I have already mentioned about “changing code” at my self_modifying_code article. Now we are making it with different way. This program going to take a binary as an input then it will create another binary according to input. Every time this program execute, it will create another file (new hash). This is the idea and it is not changing at runtime, it will produce same file with different hash at every executation. Whole changes will be in “.text” section.

Steps

Create a struct for necessary PE header’s variables
Parse input PE file and get header’s members which are important for us
Disassemble target PE file (I used a library for this. “Zydis”)
Find proper instructions to change without broke the original file (Most important part)
Randomly change instructions
Create new file with original file’s header and whole sections except “.text”, we are going to write modified “code section” to there.

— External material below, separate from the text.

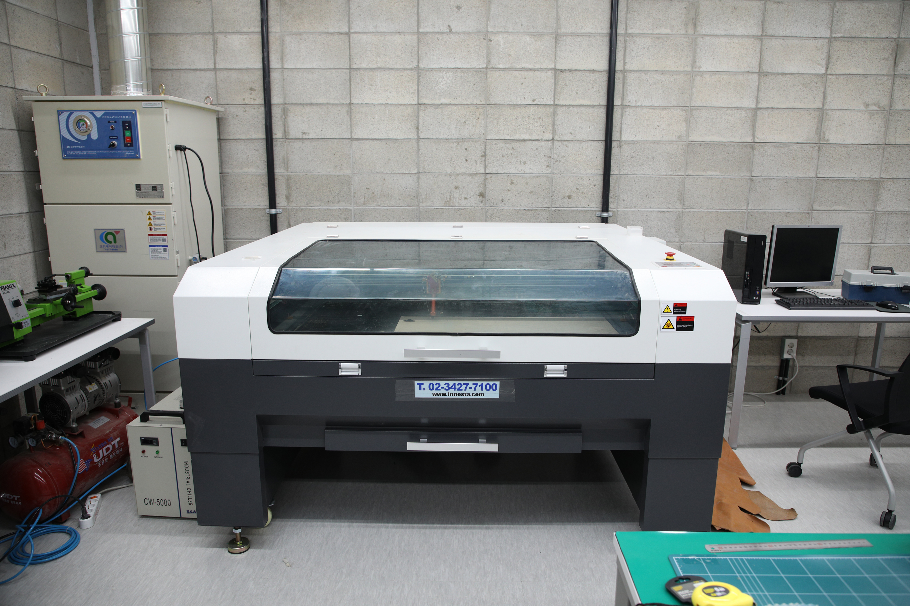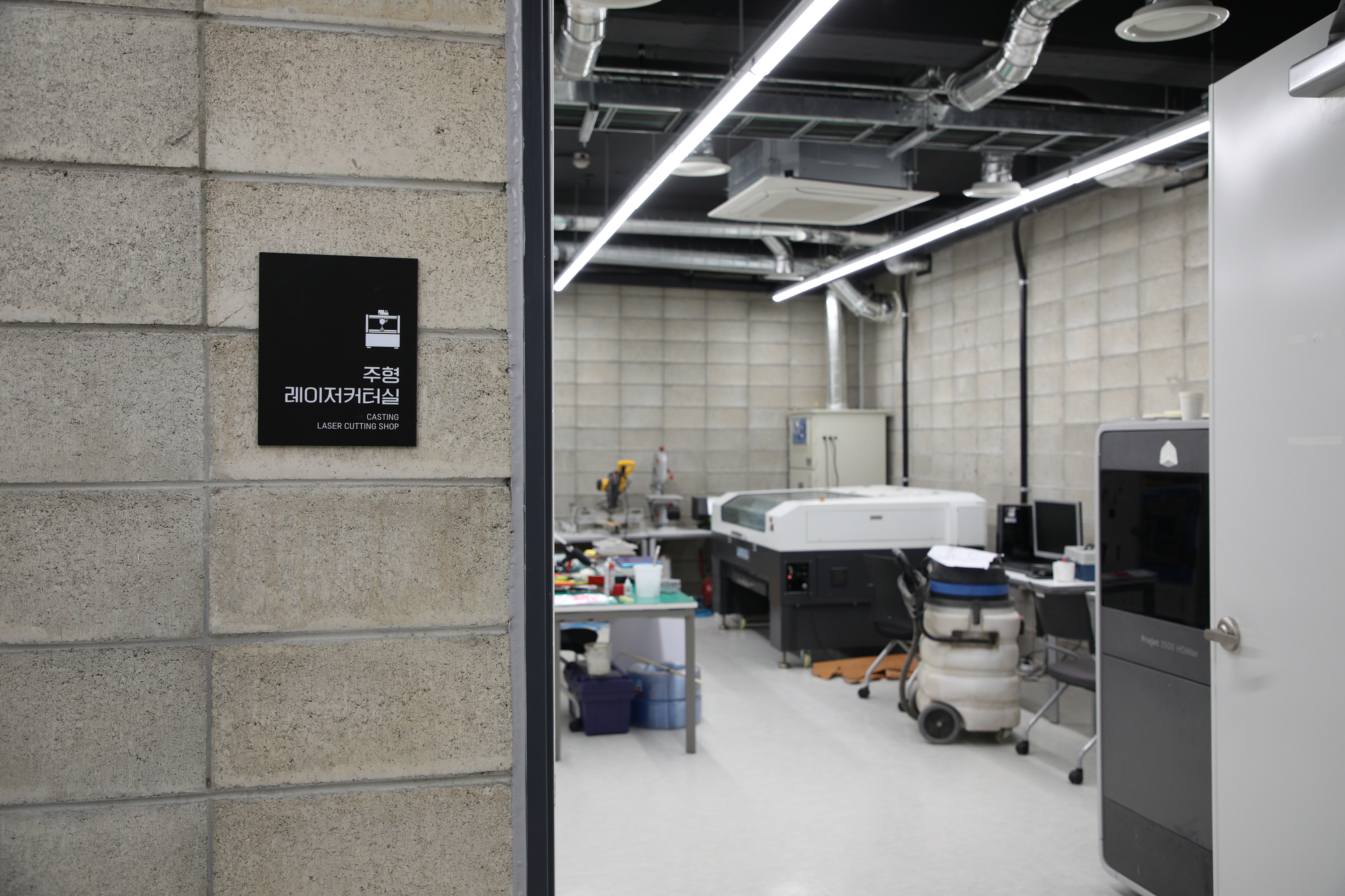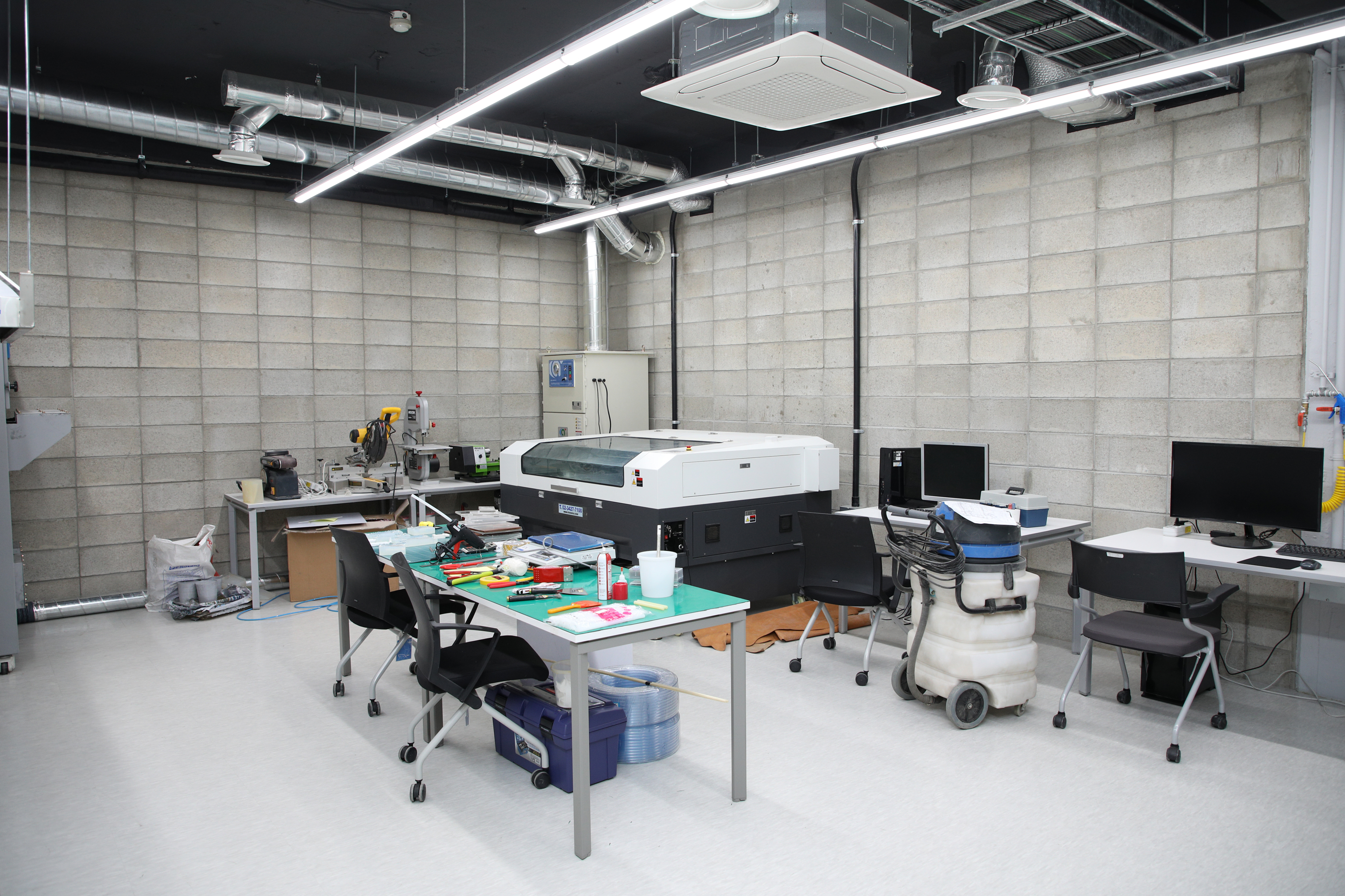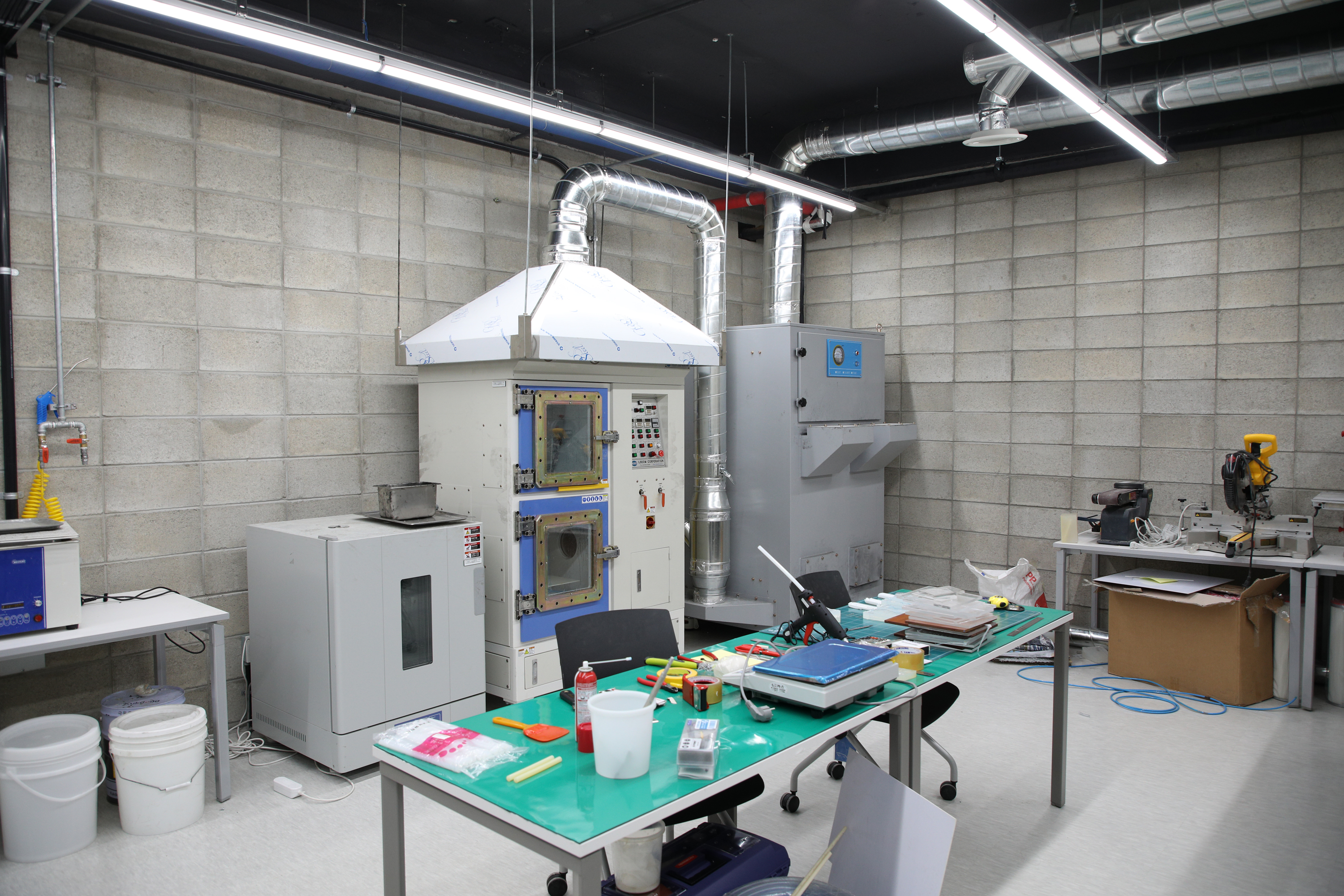 주형기와 레이저커터를 설치한 곳입니다. 소량 금형을 제작하여 복제하는 시설입니다.

(If you are not familiar with PE file structure you can read my first article PE file)

Warm Up

Firstly I started with PE parsing because we need “.text” section to disassemble.

struct sender {
	int* textBaseAdress; // beginning of the code section
	int size; // size of the code section
	int* entryPoint; // entrypoint is VA so code section is start at 0x1000(baseOfCode) but in raw file it start at 0x400(pointerToRawData)
	int entryOffset; // it will be used in  "broken disassemble" case
	int rawTextoffset; // It usually 0x400 but I will take it
	int architecture; // it will added
};

sender PeParser(char* getFileName)
{

	std::string filename = (string)getFileName;


	HANDLE loadFile = CreateFileA(filename.c_str(), GENERIC_ALL, FILE_SHARE_READ, NULL, OPEN_EXISTING, FILE_ATTRIBUTE_NORMAL, NULL);

	//check handle
	if (loadFile == INVALID_HANDLE_VALUE)
	{
		printf("[!] Failed to get a handle to the file - Error Code (%d)\n", GetLastError());
		printf(" filename -> %s\n", filename);
		CloseHandle(loadFile);
		exit(1);
	}

	DWORD nNumberOfBytesToRead = GetFileSize(loadFile, NULL);
	LPVOID lpBuffer = HeapAlloc(GetProcessHeap(), 0, nNumberOfBytesToRead);

	DWORD lpNumberOfBytesRead = { 0 };
	if (!ReadFile(loadFile, lpBuffer, nNumberOfBytesToRead, &lpNumberOfBytesRead, NULL))
	{
		printf("[!] Failed to read the file - Error Code (%d)\n", GetLastError());
		CloseHandle(loadFile);
		exit(1);
	}
	
	// Now we are parsing readed file
    // lfanew is point to NT header		
	int* peHeader = (int*)lpBuffer + ((int)((PIMAGE_DOS_HEADER)lpBuffer)->e_lfanew) / 4; 
	if (((PIMAGE_NT_HEADERS32)peHeader)->OptionalHeader.Magic != IMAGE_NT_OPTIONAL_HDR32_MAGIC) { 
		cout << "usta biz x86 bakiyoruz\n" << endl; // only for x86 arch
		//senderVar.architecture == 0x64; // It will added
		exit(1);
	}


	PIMAGE_SECTION_HEADER imageSectionHeader = { 0 };
    // After adding whole NT headers size to pe header, we will reach to section headers beginning
	imageSectionHeader = (PIMAGE_SECTION_HEADER)(peHeader + sizeof(IMAGE_NT_HEADERS32) / 4);
    // While first section is ".text", first raw address is ".text"
	DWORD textBegin = imageSectionHeader->PointerToRawData;

	unsigned char* TextSection = (unsigned char*)((int*)lpBuffer + textBegin / 4);

	sender senderVar;
    // get necessary variables to use
    senderVar.textBaseAdress = (int*)TextSection; // beginning of the code section
	senderVar.size = imageSectionHeader->SizeOfRawData; // size of the code section
	senderVar.entryOffset = (((PIMAGE_NT_HEADERS32)peHeader)->OptionalHeader.AddressOfEntryPoint - ((PIMAGE_NT_HEADERS32)peHeader)->OptionalHeader.BaseOfCode + imageSectionHeader->PointerToRawData); // entrypoint is VA so code section is start at 0x1000(baseOfCode) but in raw file it start at 0x400(pointerToRawData)
	senderVar.entryPoint = (int*)((unsigned char*)((int*)lpBuffer + senderVar.entryOffset / 4)); // it will be used in  "broken disassemble" case
	senderVar.rawTextoffset = textBegin; // It usually 0x400 but I will take it

	CloseHandle(loadFile);

	return senderVar;
}

The code above is initial part of this article, so please read comment lines first.
We just get .text section and size but some files can not disassemble with that, so when it happens program will use entrypoint to disassemble.
Now we got entrypoint and code section informations. Next step ->

Getting Hot

After getting text section and size, now we will give it as a parameter to disassembler.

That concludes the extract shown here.